In the present crisis it has not been possible to secure the peace of Europe: because there has been little time, and there has been a disposition—at any rate in some quarters on which I will not dwell—to force things rapidly to an issue, at any rate to the great risk of peace, and, as we now know, the result of that is that the policy of peace as far as the great powers generally are concerned is in danger. I do not want to dwell on that, and to comment on it, and to say where the blame seems to us lie, which powers were most in favor of peace, which were most disposed to risk war or endanger peace, because I would like the House to approach this crisis in which we are now from the point of view of British interests, British honor, and British obligations, free from all passion as to why peace has not yet been preserved.

The example would spread, and I am not without hope that one or more great European Powers would eventually make a similar agreement with us and the United States. The effect of such agreements on disarmament and the morale of international politics would be considerable.

The British, French, and Russian Governments mutually engage not to conclude peace separately during the present war. The three Governments agree that when terms of peace come to be discussed no one of the Allies will demand terms of peace without the previous agreement of each of the other Allies.

We worked for peace up to the last moment, and beyond the last moment. How hard, how persistently, and how earnestly we strove for peace last week the House will see from the papers that will be before it. But that is over, as far as the peace of Europe is concerned. We are now face to face with a situation and all the consequences which it may yet have to unfold.

The future liberties of Europe depend upon regulating disputes between nations by justice and law; and upon maintaining the sanctity of treaties, and thus making peace secure. That is the policy for which the League of Nations was created to be the instrument. If it does not prevail, then there will be renewed competition in armaments; nations ruining themselves by expensive preparations for new war, which will make their ruin complete. The result will be wars or more revolutions, probably both; and that in no very long time. No nation, not even France herself, will escape the catastrophe.

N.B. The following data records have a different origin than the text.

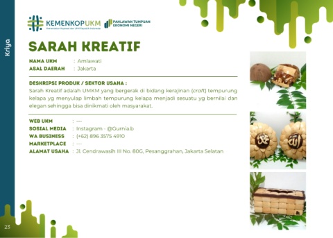 Sarah Kreatif adalah UMKM yang bergerak di bidang kerajinan (craft) tempurung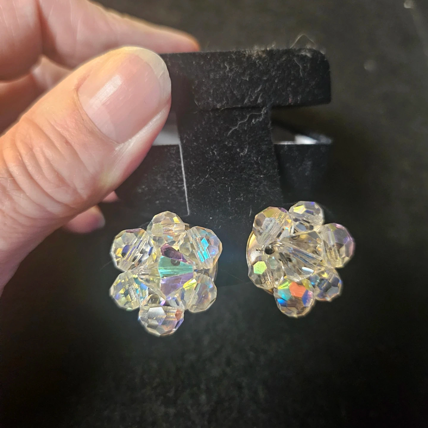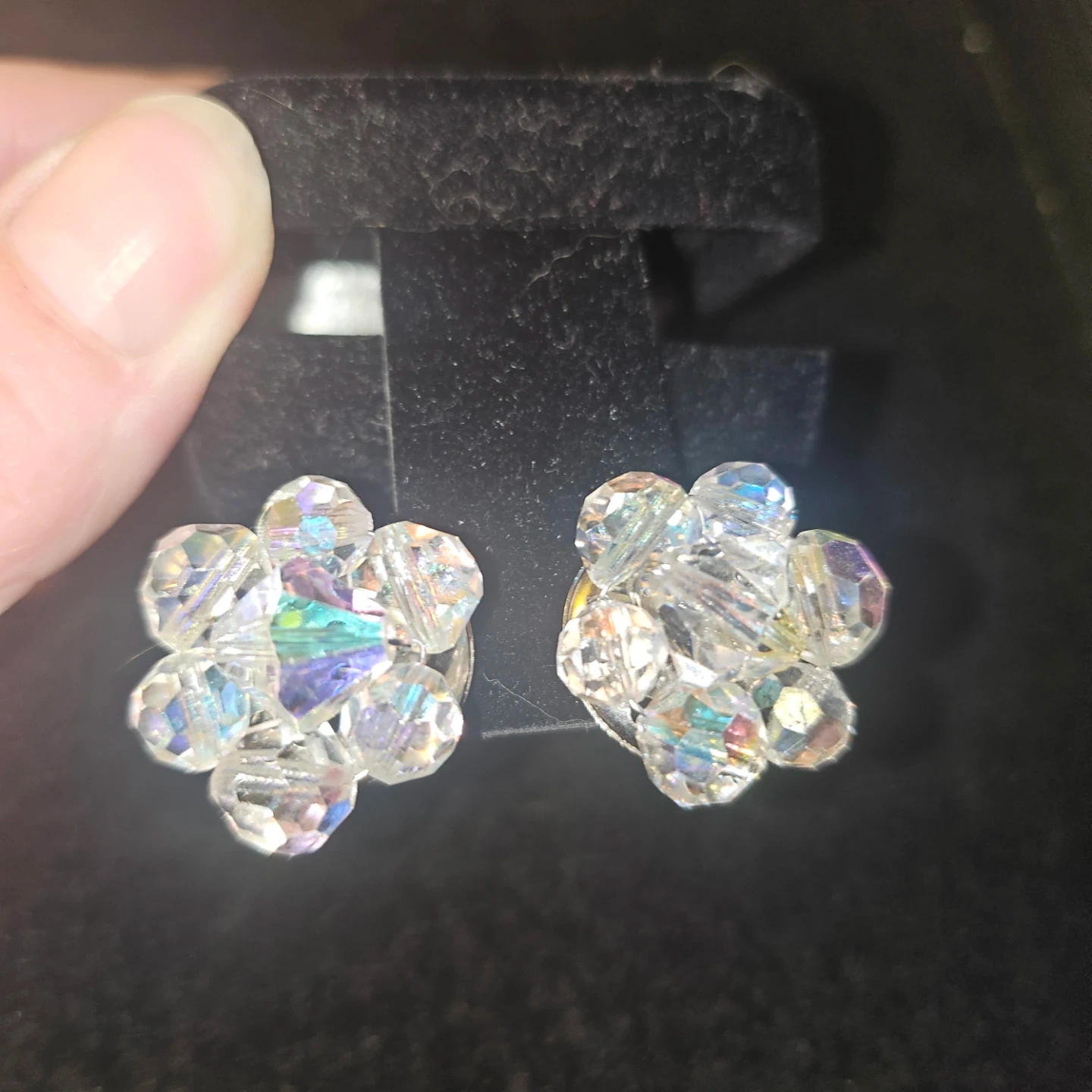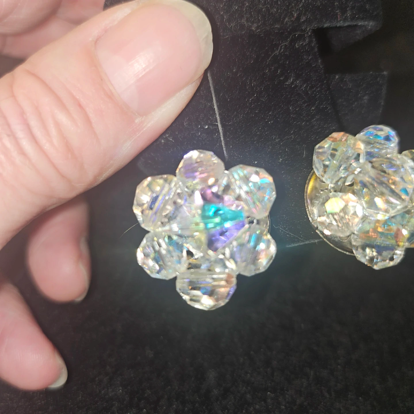 These are a beautiful pair of vintage clip-on earrings! They feature aurora borealis crystals in a lovely flower design. Perfect for adding a touch of sparkle to any outfit!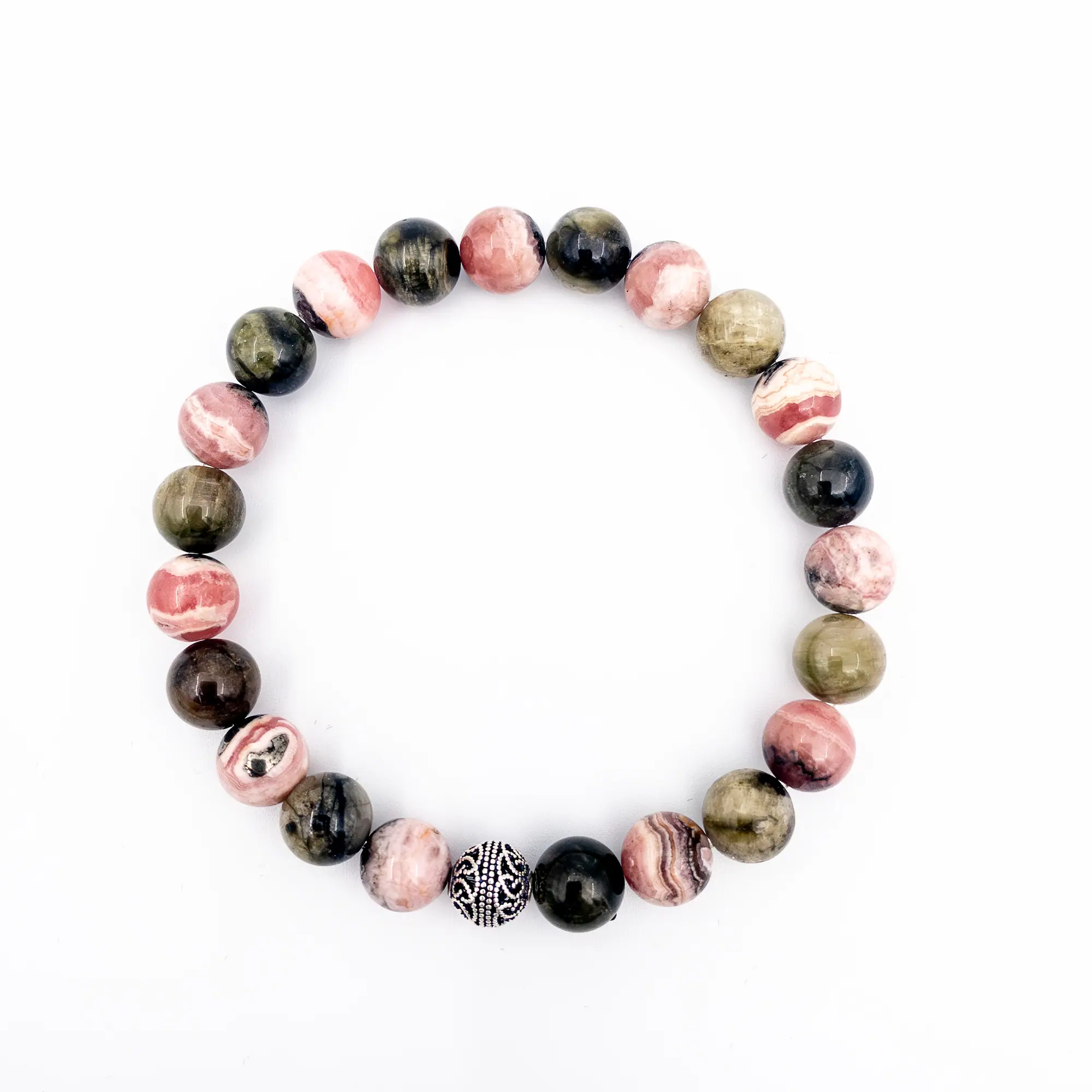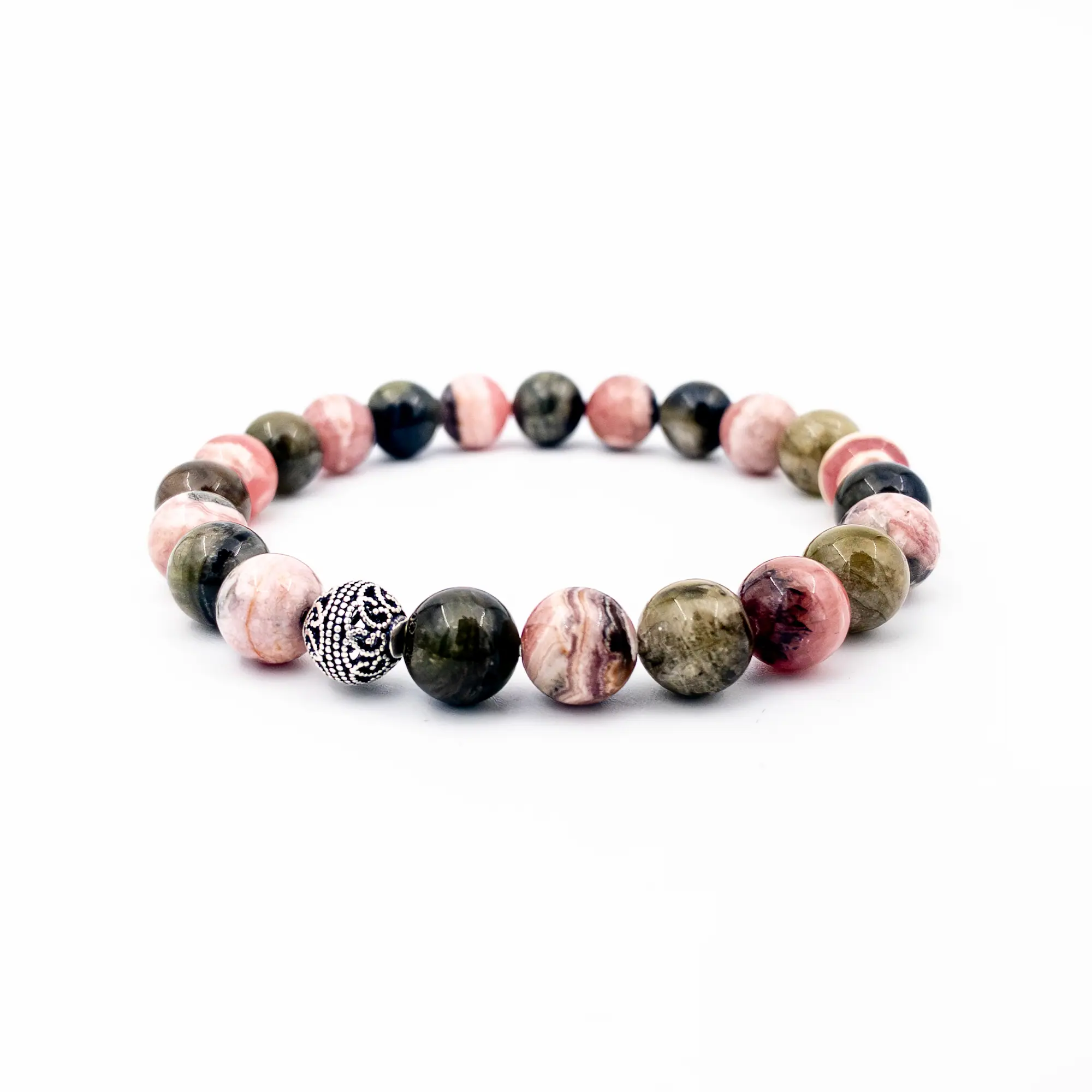Ana Materyal: %100 Doğal Rodokrozit ve Yeşil Turmalin Taşı (8 mm küre kesim)

There is much poetry for which most of us do not care, but with a little trouble when we are young we may find one or two poets whose poetry, if we get to know it well, will mean very much to us and become part of ourselves... The love for such poetry which comes to us when we are young will not disappear as we get older; it will remain in us, becoming an intimate part of our own being, and will be an assured source of strength, consolation, and delight.

The smaller States in that region of Europe ask but one thing. Their one desire is that they should be left alone and independent. The one thing they fear is, I think, not so much that their integrity but that their independence should be interfered with. If in this war, which is before Europe, the neutrality of those countries is violated, if the troops of one of the combatants violate its neutrality and no action be taken to resent it, at the end of the war, whatever the integrity may be, the independence will be gone.

[T]he real decision of the electors must be taken now, as always, on large principles and broad lines. Their real choice lies between those who are for the House of Lords and those who are for the House of Commons. I am frankly on the side of the House of Commons. A majority for the House of Lords means also a majority for Tariff Reform. I am for Free Trade as well as for a free Constitution, and for these I ask your support.

If, on the other hand, by some misfortune or blunder our Entente with France were to be broken up, France will have to make her own terms with Germany. And Germany will again be in a position to keep us on bad terms with Germany and Russia, and to make herself predominant upon the Continent. Then, sooner or later, there will be war between us and Germany, in which much else may be involved.

I see Jagow says I could have prevented the war, but the German veto on a Conference struck out of my hand the only effective instrument I could use for peace... Bethmann-Hollweg's objection to a Conference was absolute; and after he had refused and Russia had accepted a Conference I could not protest against Russian preparation for the event of war, especially as the German preparations were far ahead of the Russian, and I could not promise the armed support of this country to Russia. Von Jagow says Germany could not have accepted a Conference as she would have lost prestige, but he admits she lost no prestige in the London Conference of 1912-3, and the precedent of that was a guarantee that there would have been neither diplomatic defeat nor victory for anyone, but a fair conduct of another Conference composed of the same persons and conducted in the same way. And as Serbia had submitted to about nine-tenths of the Austrian Ultimatum there could have been no loss of prestige in submitting the one or two points outstanding to a fair Conference.

The strength of the House of Commons is dissipated, its time consumed, and its dignity and reputation are threatened by the attempt to manage in one Assembly the purely local interests of different parts of the United Kingdom. Without some large measure of Devolution in the United Kingdom the House of Commons cannot attend to Imperial affairs and matters which concern the country as a whole.

We are going to suffer, I am afraid, terribly in this war, whether we are in it or whether we stand aside. Foreign trade is going to stop, not because trade routes are closed, but because there is no trade at the other end. Continental nations engaged in war all their populations, all their energies, all their wealth, engaged in a desperate struggle they cannot carry on the trade with us that they are carrying on in times of peace, whether we are parties to the war or whether we are not.